If there is a flaw in my system, I put the big Mocal Oil cooler right in the center/front of the radiator....it is spaced 4-5 inches in front of the rad, but it may be a big blocking force that must be moved...

....I had planned to move it to a headlight bucket, but car prep/repair is taking 200% of my time lately....

rolleyes.gif
94bird
Jon, your last post is right along the lines of what I was thinking. I suspect our stock air routing is very inadequate for what we're doing. Your ideas about pusher/puller fans is precisely the reason I had planned on putting a 10" pusher on my oil cooler and a 14" puller on the back of the radiator. I know that would have less restriction at speed and if I can find a good place for my oil cooler afterwards I can use the 10" pusher to be the primary cooling air flow for it. BTW Randy, my Long oil cooler is also centered in front of the radiator, about 2" space between. It's about 11x11.

However, the first experiment will still be to run with no fans and see what happens. I think there's a test session at Waterford in the next week or so and I'll try to make it. I should have my oil temperature gauge installed by then too so I'll have one more data point about whether everything is running really hot or just primarily my coolant.

Still waiting on the Blackstone oil analysis lab kit so I can get a 2nd opinion before I pull the engine.
94bird
Well, I got myself motivated and am making my car a front breather. I've cut out the foglight holes in the front fascia and extended them towards the center of the fascia. The front bumper is temporarily gone until I can get a rollbar-type made up like Randy. I've sealed up the sides of the radiator with foam and now just need to block off the side of the cavernous openings in the fascia. That may be a bit trickier. Randy, I know you built aluminum ducting, but I'm thinking dense foam attached to the fascia may be easier for me and would allow me to remove and install my bumper without problems.

Man, it's cool looking into the 2 of 13x4 holes I now have in my fascia and seeing nothing but oil cooler and radiator.

Should do some more sealing up tomorrow and thread in my oil temp sender. Gauge is in the dash and the cable is routed to the pan.

I was looking on the fascia at the front turn signals and thinking with a little mods that area would be a great place for brake cooling ducts using a duct like Jon has. When I remove my radiator diverter under the car and put on a front air dam I can see that being part of the project.

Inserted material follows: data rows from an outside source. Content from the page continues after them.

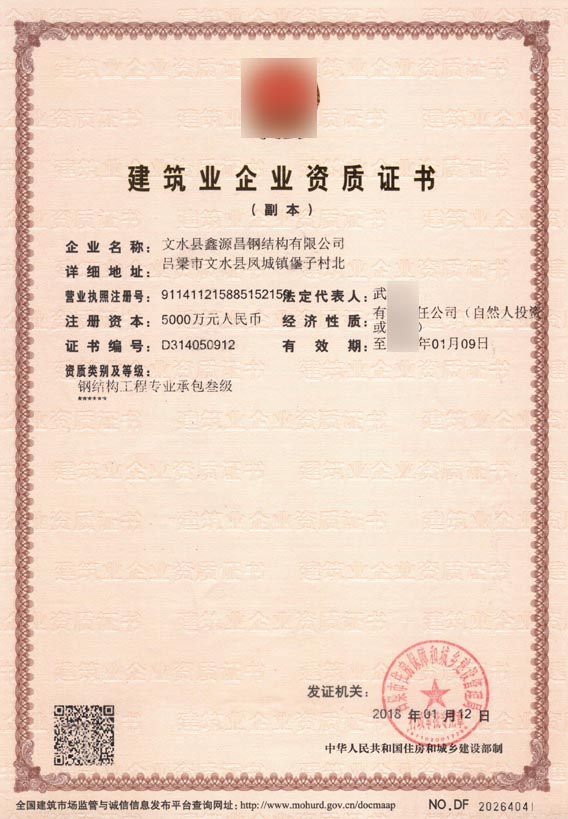 文水縣某公司鋼結(jié)構(gòu)工程專業(yè)承包資質(zhì)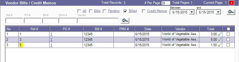 7. Because the reference and PO numbers are the same, you will always see that bill when you search for the original.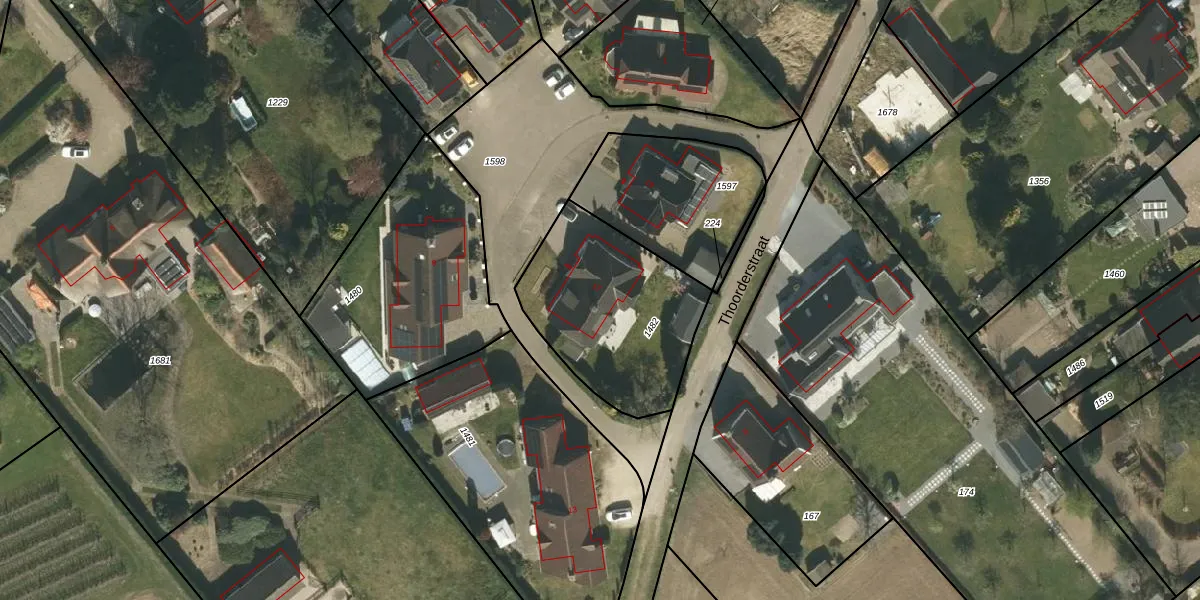 Thoorderstraat 17 is gelegen op kadastraal perceel GTM00D1482. Deze kadastrale aanduiding is uniek en wordt gebruikt door het Kadaster om eigendomsrechten en andere zakelijke rechten vast te leggen. Het perceel maakt onderdeel uit van de kadastrale gemeente Grathem.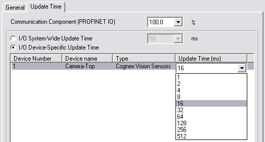 Note: If the update time is left at the default value of 1 ms, a significant reduction in vision tool performance may be observed when the PLC is connected to an In-Sight vision system. This reduction can be alleviated by increasing the cyclic update time to either 8 ms or 16 ms.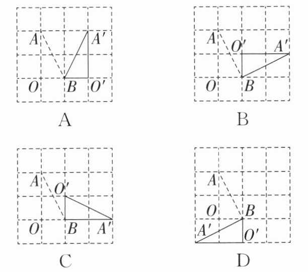 11. 如图,在方格纸中,将$Rt\triangle AOB绕点B按顺时针方向旋转90^{\circ}后得到Rt\triangle A'O'B$,则下列四个图形中正确的是(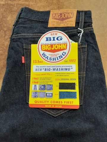 児島にあるSHOWAという生地作りから加工まで行う会社とのコラボにより誕生したジーンズになります。またBIGJOHNが世界ではじめてジーンズを洗って販売した時のモデルの名前がBIGWASH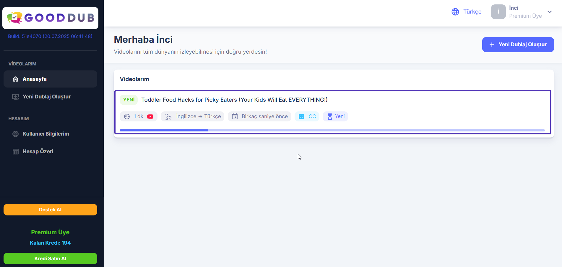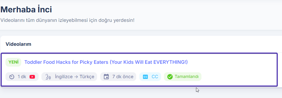If you see "Completed" written under the project name, your video is ready. You can view the result by going to the Watch/Edit Dubbing page of your dubbing and make changes if you want.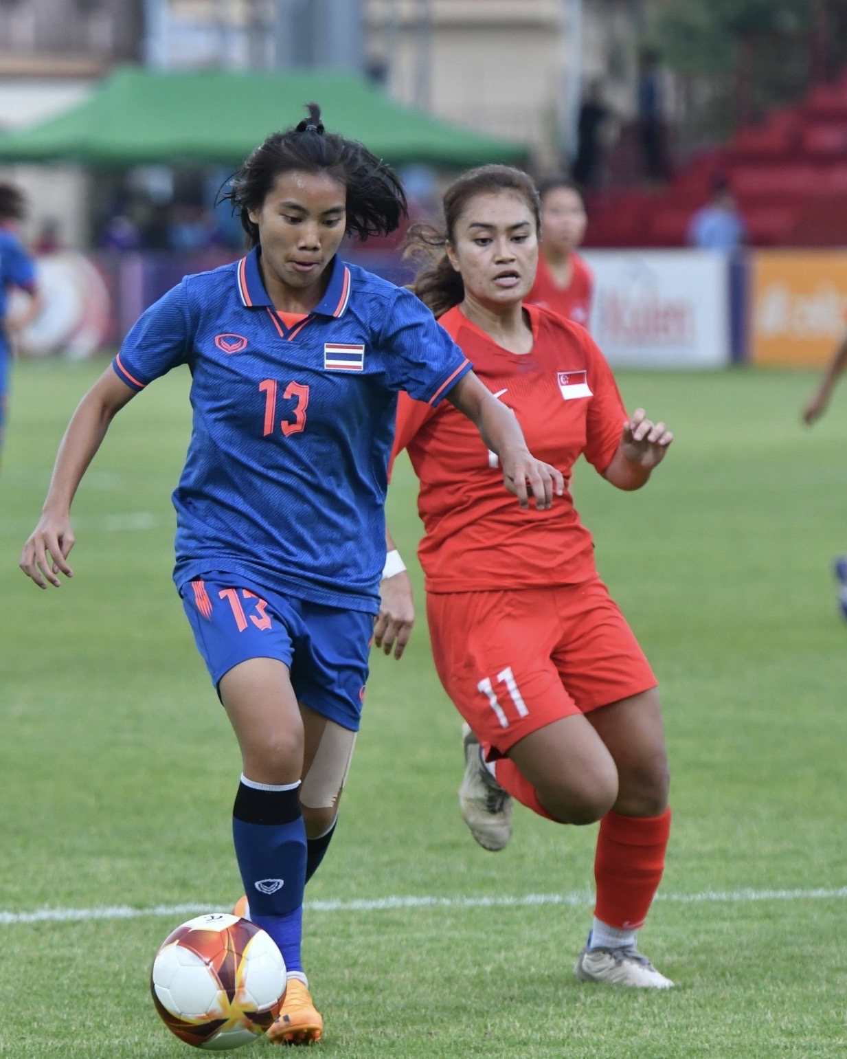 กัมพูชา 3 พ.ค. – ฟุตบอลหญิงทีมชาติไทย เอาชนะ สิงคโปร์ 4-0 ประเดิมสนามซีเกมส์ รอบแบ่งกลุ่ม นัดแรก กลุ่มบี

Got my Blackstone oil analysis kit today so I'll try to get that off to them this weekend also. Anyone know about how long it takes to get results back? I'm going to use them as a doublecheck.

Waterford session on Monday if I'm ready. Gonna bolt up my 315s again and go have some fun hopefully.
#07
Sounds really cool,Makes me want to do this too. Let us know how it does. That is if the sample came back alright? I guess.

But Randys does look cool,but does it keep cool tongue.gif I imagine it does. But one thought with this front breather if I was to do this...maybe I would put some(3to4) horizontal diverters spreading the air path up-high, center mid-low & mid-high,and down-low.
But then I think if the stock air gathering(air dam) is still in place/operational.This would cause a problem/disruption? So maybe the front air dam removal test would have to be done after the front breather upgrade to determine this. So if better w/o stock air dam and a front breather just extend bumper like Randys cool.gif .But if the 2 coexsist and work together for optimal cooling well... leave it alone of coarse.

Tony
94bird
I've blocked off the air flow from the black plastic diverter up into the radiator. It's more likely air would come in through my fascia and try to escape down than for more air to come in through the stock path.

Almost done, but just taking a little break. Also mounted my oil cooler better and relocated my transponder while I'm in there.